Опять неслышно приблизился Тиша. В одной руке холопа – нарядный кафтан с серебряными пуговицами, в другой – белая холщовая рубаха. Даниил молча указал на рубаху, давая понять, что оденется по-домашнему. Сапоги Тиша уже сам подал кожаные, а не нарядные сафьяновые.
Ни комнатный холоп, ни телохранители в каморке перед ложницей, ни сотник Шемяка Горюн, провожавший князя в посольскую горницу, не заметили на лице Даниила Александровича и тени беспокойства. Безмятежным казался князь, буднично-строгим.
А между тем князя переполняло нетерпеливое ожидание, готовое выплеснуться наружу и сдерживаемое только усилием воли да давней привычкой не показывать людям ни радости, ни печали.
Князь Даниил Александрович догадывался, зачем приехал переяславский боярин, и спешил убедиться в справедливости своей догадки, ибо с этим было связано многое, очень многое...
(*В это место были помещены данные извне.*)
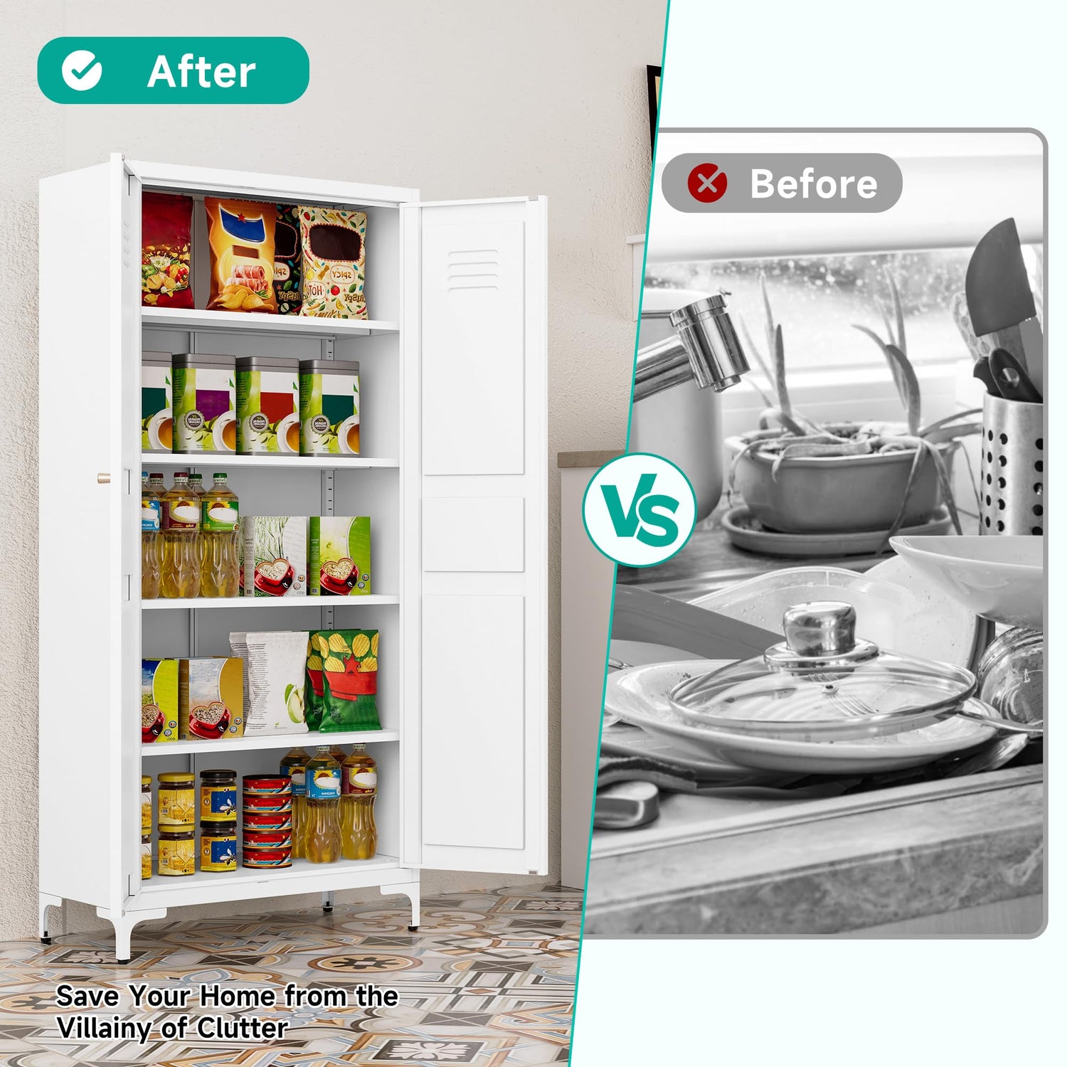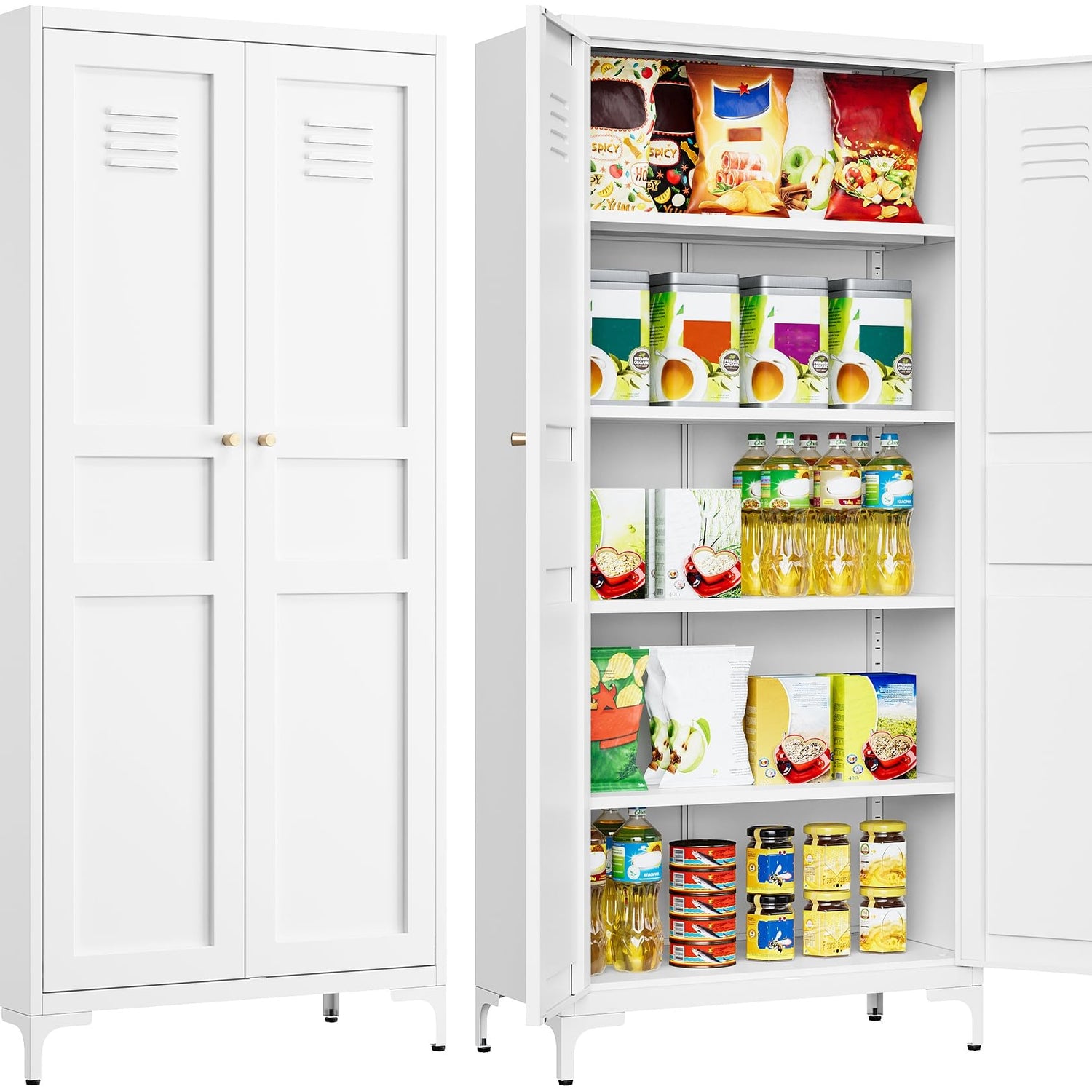 Metal Storage Cabinet with Doors and Shelves,White Storage Cabinet,Food Pantry Storage Cabinet,5 Tier Metal Pantry Cabinet,Tall Large Closet Cupboard for Home,Kitchen,Dining/Living/Laundry Room

Давно уже отгорел у князя Даниила гнев на упрямое противление боярина Антония, кото рое тот показал при встрече на речке Сходне. Да и сам Антоний изменился. Понял все-таки честолюбивый боярин, что напрасно связывал с князем Иваном свои надежды. Не по плечу оказались молодому переяславскому князю великие дела. Истинным и единственным наследником Александра Невского стал Даниил Московский, его младший сын! Понял это Антоний и потянулся к младшему Александровичу неугомонным сердцем своим, не смирившимся с сонным покоем удельного бытия. Твердо принял боярин Антоний сторону московского князя, начал служить ему не льстивым словом, но делом и, оставаясь жить в Переяславле, быстро превратился в одного из самых близких и необходимых Даниилу людей.
Не на Переяславле, а на Москве замыкались теперь тайные тропы доверенных людей боярина Антония, предусмотрительно рассаженных им по разным городам и княжествам. Эти тропы привели ко двору Даниила Александровича новгородского купца Акима, костромского боярина Лавра Жидяту, можайского вотчинника Михаила Бичевина и иных многих, для московского князя полезных людей.
И сам боярин Антоний часто приезжал в Москву.
Каждый его приезд подсказывал Даниилу Александровичу новый, неожиданный поворот в сложном переплетении межкняжеских отношений. Превратившись волей судьбы из великокняжеского советчика в боярина неприметного удельного владетеля, Антоний продолжал мыслить широко, охватывая взглядом своим всю Русь.
Беседы Даниила Александровича и боярина Антония шли на равных, и трудно было понять, кто кого ведет за собой: боярин ли превратил князя в исполнителя своих дерзких замыслов, князь ли сумел поставить изощренный ум и опыт боярина на службу Московскому княжеству. Да и важно ли было, кто кого опережал в мыслях, направленных к общей цели? Главное, сошлись воедино устремления двух незаурядных людей, и единение это было плодотворным...
В глубокой тайне они обговаривали, как передать в руки Даниила отчину бездетного князя Ивана – Переяславское княжество.
Свершить это было непросто, совсем непросто!
О том, что болезненному Ивану Переяславскому жить оставалось недолго, знали все. Сильные князья готовились вступить в спор за выморочное Переяславское княжество, и у каждого были в этом споре свои козырные карты.
За великого князя Андрея Александровича был древний обычай, по которому выморочные княжения переходили к великому князю, и нынешнее старшинство в роде Александровичей. Даниил Московский был младшим Александровичем, а Андрей – средним. Переяславль всегда принадлежал старшему в роде!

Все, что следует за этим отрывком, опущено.